**Instructions to follow:**
Nothing but the records, transcribed verbatim and stripped of images, should appear in the answer.

**Given data:**

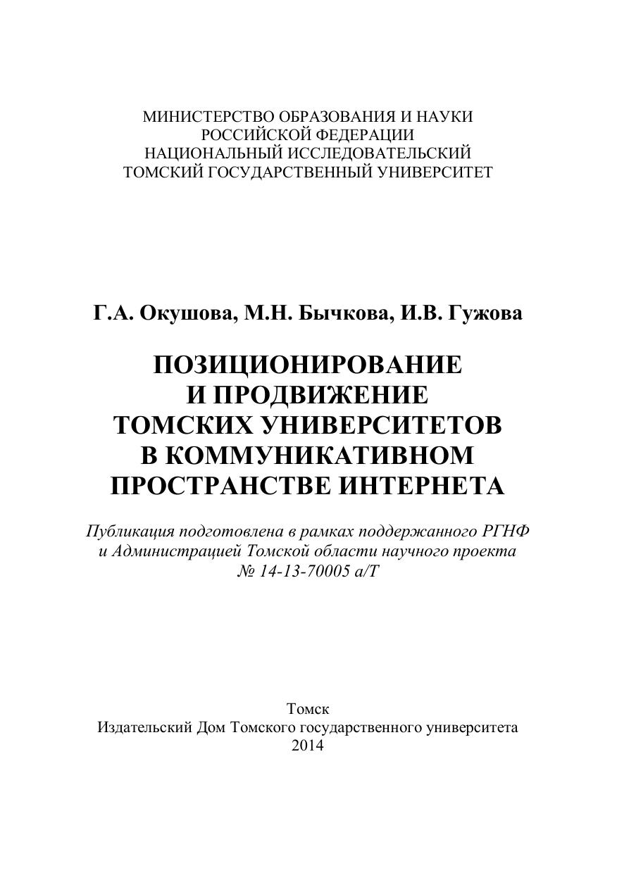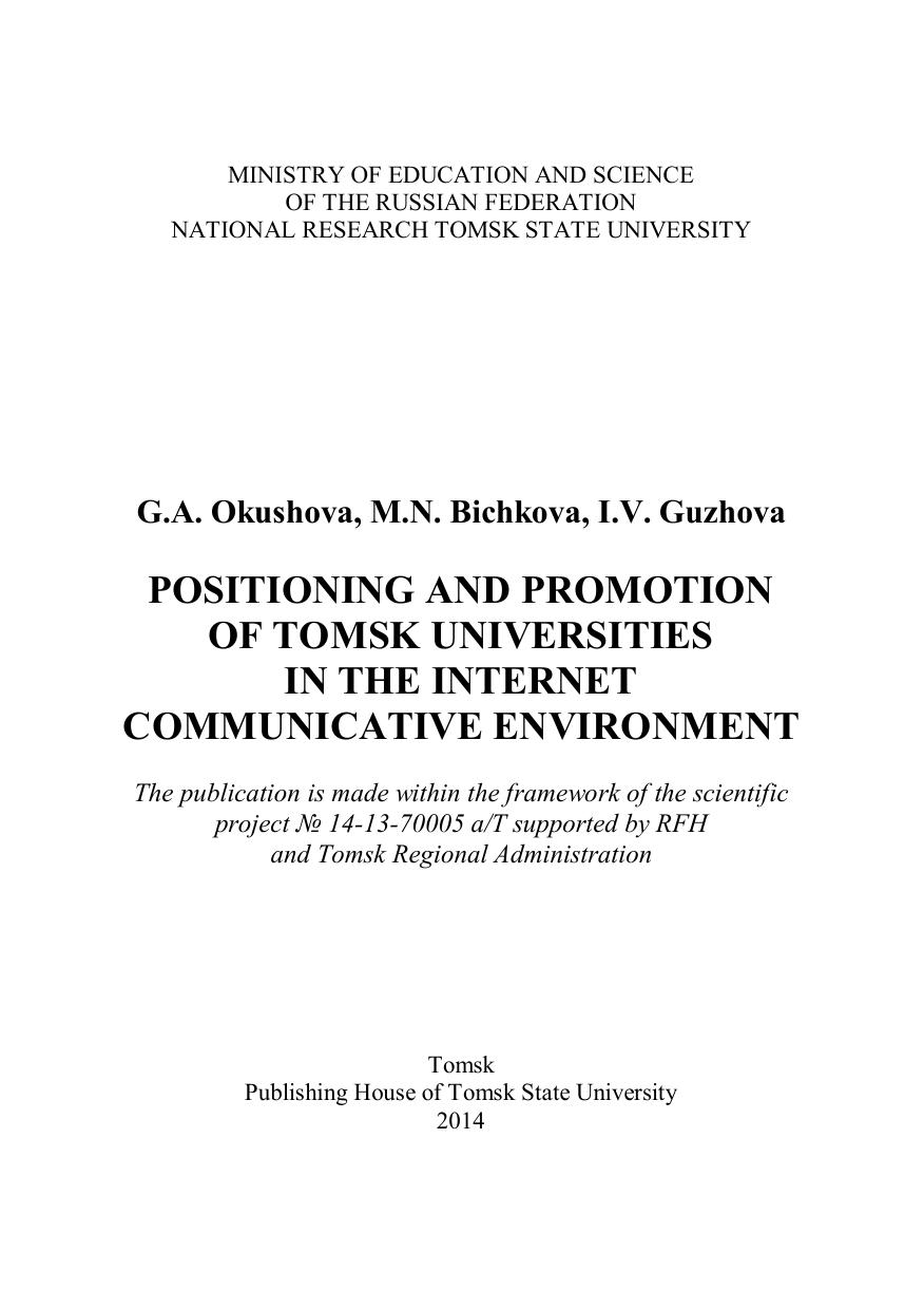 Позиционирование и продвижение томских университетов в коммуникативном пространстве Интернета
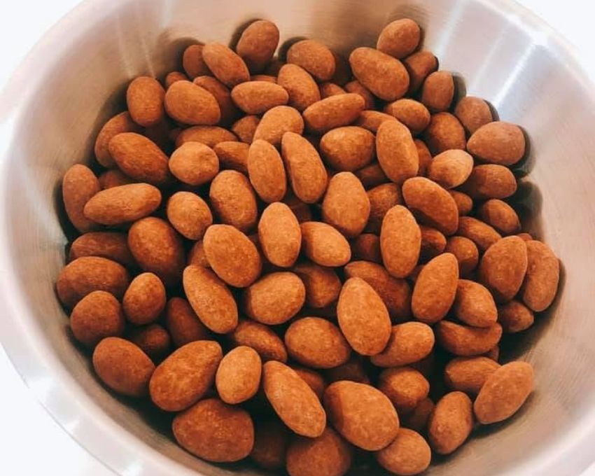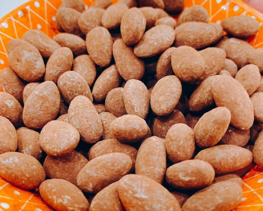 杏仁裹上誘人的焦糖,再上一層調溫苦甜巧克力,再灑上深醇的法芙娜可可粉,咔嗞咔嗞忍不住一口接一口😋
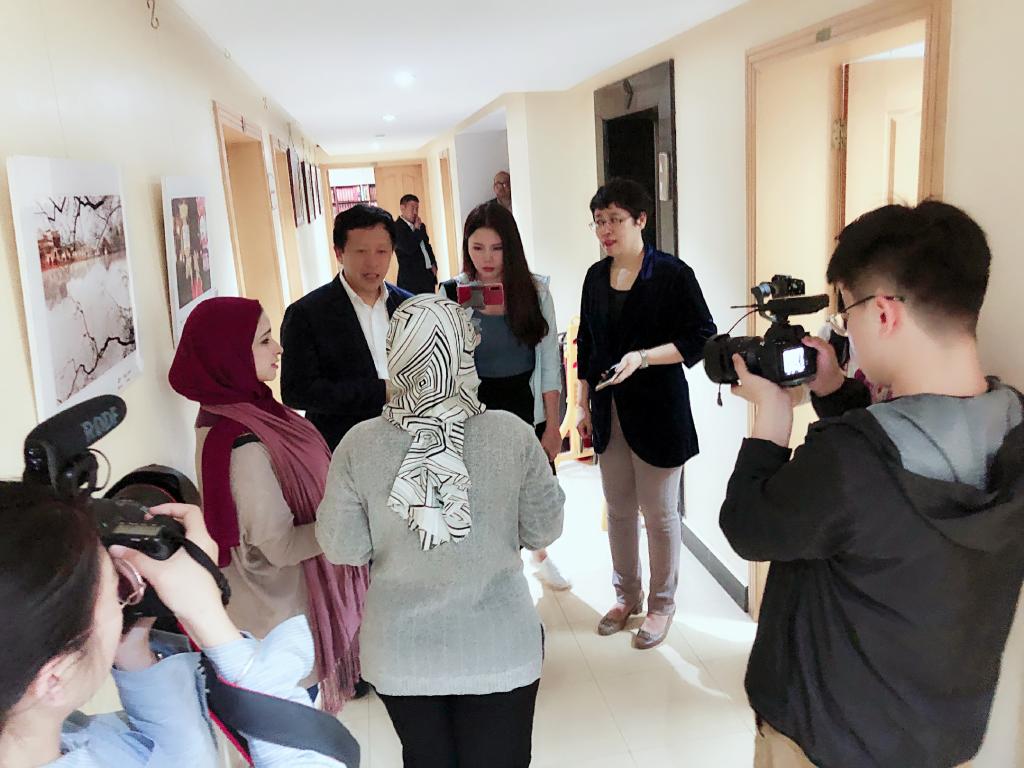 团队还与包括“中国阿拉伯友好杰出贡献奖”获得者、艾因·夏姆斯大学穆赫森·法尔加尼教授,“中华图书特殊贡献奖”获得者、沙特国王大学中文系主任哈赛宁副教授,爱资哈尔大学中文系主任阿齐兹教授,亚历山大大学中文系主任纳西德教授,诗人、翻译家、小说家赛义德·顾德,青年翻译家、作家、评论家米拉,自由撰稿人、诗人、翻译家雅拉,出版家、翻译家、社会活动家艾哈迈德·白鑫,翻译家、比较文化学者叶海亚以及翻译家、中国学学者金浩天、埃及国家翻译中心市场总监塔米儿等在内的数十位汉语相关人士进行深入交谈,了解传播现状的同时,互相表达了进一步合作的愿景。此外,对本土报社的考察也在项目团队的关注视域之内,对阿拉伯世界第一大文化类报纸——《文学消息报社》和埃及希克迈特文化投资(出版)有限公司的深层次交流,使我们了解到他们对中国语言文化传播做出的卓越贡献。为加深中埃双方文明互鉴、文化交流,张丛皞教授进行了题为《埃及电影在中国》的专题讲座,深受留埃学生学者好评。
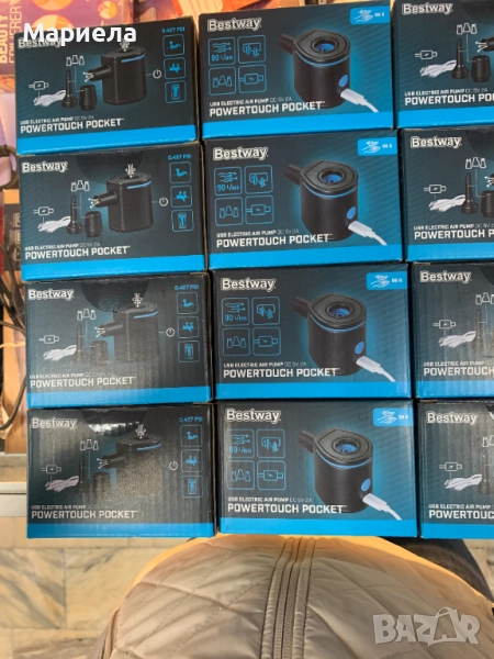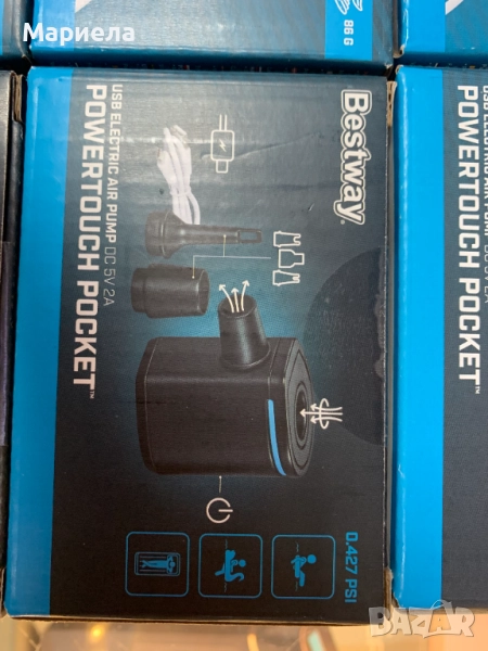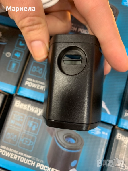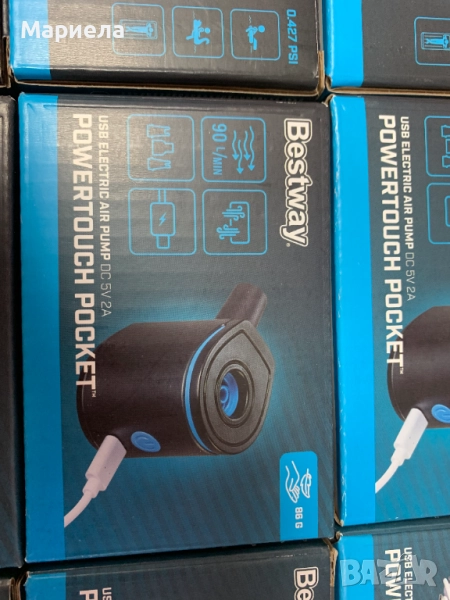Джобната въздушна помпа PowerTouch предлага впечатляващия въздушен поток от 90 л/мин и може да надува или изпуска широка гама от предмети, включително малки играчки за басейн, постелки за къмпинг и други, за максимално удобство.
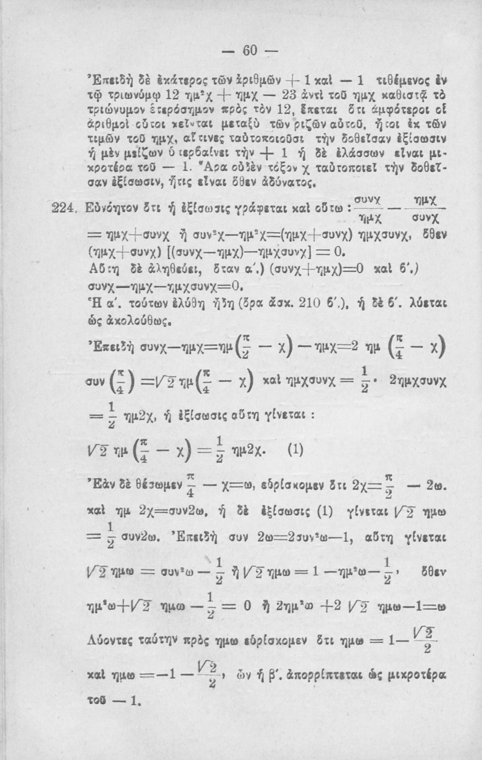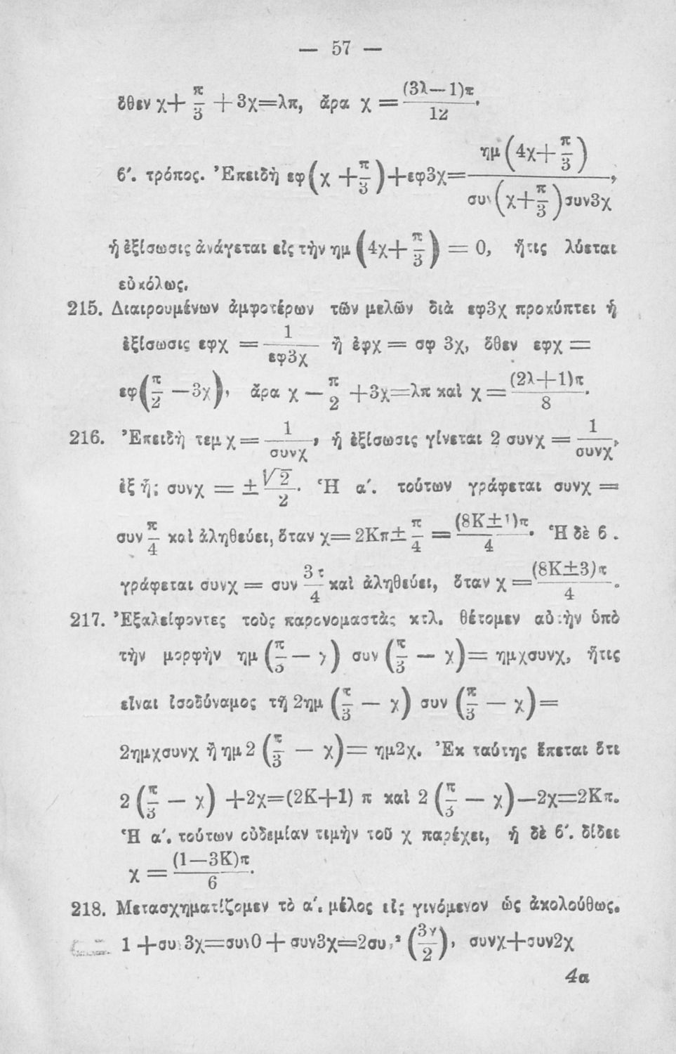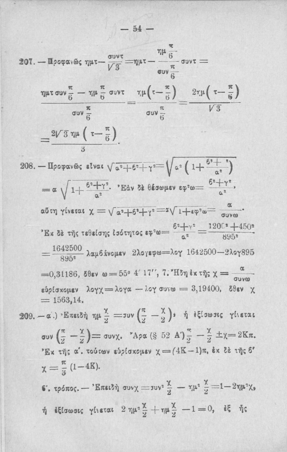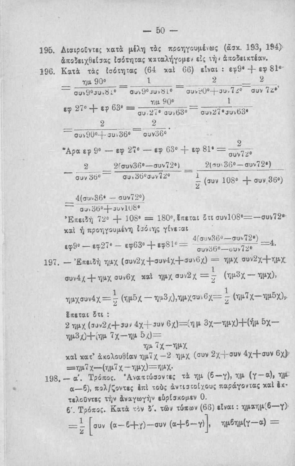 Σχολικό εγχειρίδιο Τριγωνομετρίας για τις Δ΄, Ε΄ και ΣΤ΄ Γυμνασίου που περιλαμβάνει θεωρία και ασκήσεις. Φέρει το σύμβολο της δικτατορίας.

**Response to the task:**
 Позиционирование и продвижение томских университетов в коммуникативном пространстве Интернета
 杏仁裹上誘人的焦糖,再上一層調溫苦甜巧克力,再灑上深醇的法芙娜可可粉,咔嗞咔嗞忍不住一口接一口😋
 团队还与包括“中国阿拉伯友好杰出贡献奖”获得者、艾因·夏姆斯大学穆赫森·法尔加尼教授,“中华图书特殊贡献奖”获得者、沙特国王大学中文系主任哈赛宁副教授,爱资哈尔大学中文系主任阿齐兹教授,亚历山大大学中文系主任纳西德教授,诗人、翻译家、小说家赛义德·顾德,青年翻译家、作家、评论家米拉,自由撰稿人、诗人、翻译家雅拉,出版家、翻译家、社会活动家艾哈迈德·白鑫,翻译家、比较文化学者叶海亚以及翻译家、中国学学者金浩天、埃及国家翻译中心市场总监塔米儿等在内的数十位汉语相关人士进行深入交谈,了解传播现状的同时,互相表达了进一步合作的愿景。此外,对本土报社的考察也在项目团队的关注视域之内,对阿拉伯世界第一大文化类报纸——《文学消息报社》和埃及希克迈特文化投资(出版)有限公司的深层次交流,使我们了解到他们对中国语言文化传播做出的卓越贡献。为加深中埃双方文明互鉴、文化交流,张丛皞教授进行了题为《埃及电影在中国》的专题讲座,深受留埃学生学者好评。
Джобната въздушна помпа PowerTouch предлага впечатляващия въздушен поток от 90 л/мин и може да надува или изпуска широка гама от предмети, включително малки играчки за басейн, постелки за къмпинг и други, за максимално удобство.
 Σχολικό εγχειρίδιο Τριγωνομετρίας για τις Δ΄, Ε΄ και ΣΤ΄ Γυμνασίου που περιλαμβάνει θεωρία και ασκήσεις. Φέρει το σύμβολο της δικτατορίας.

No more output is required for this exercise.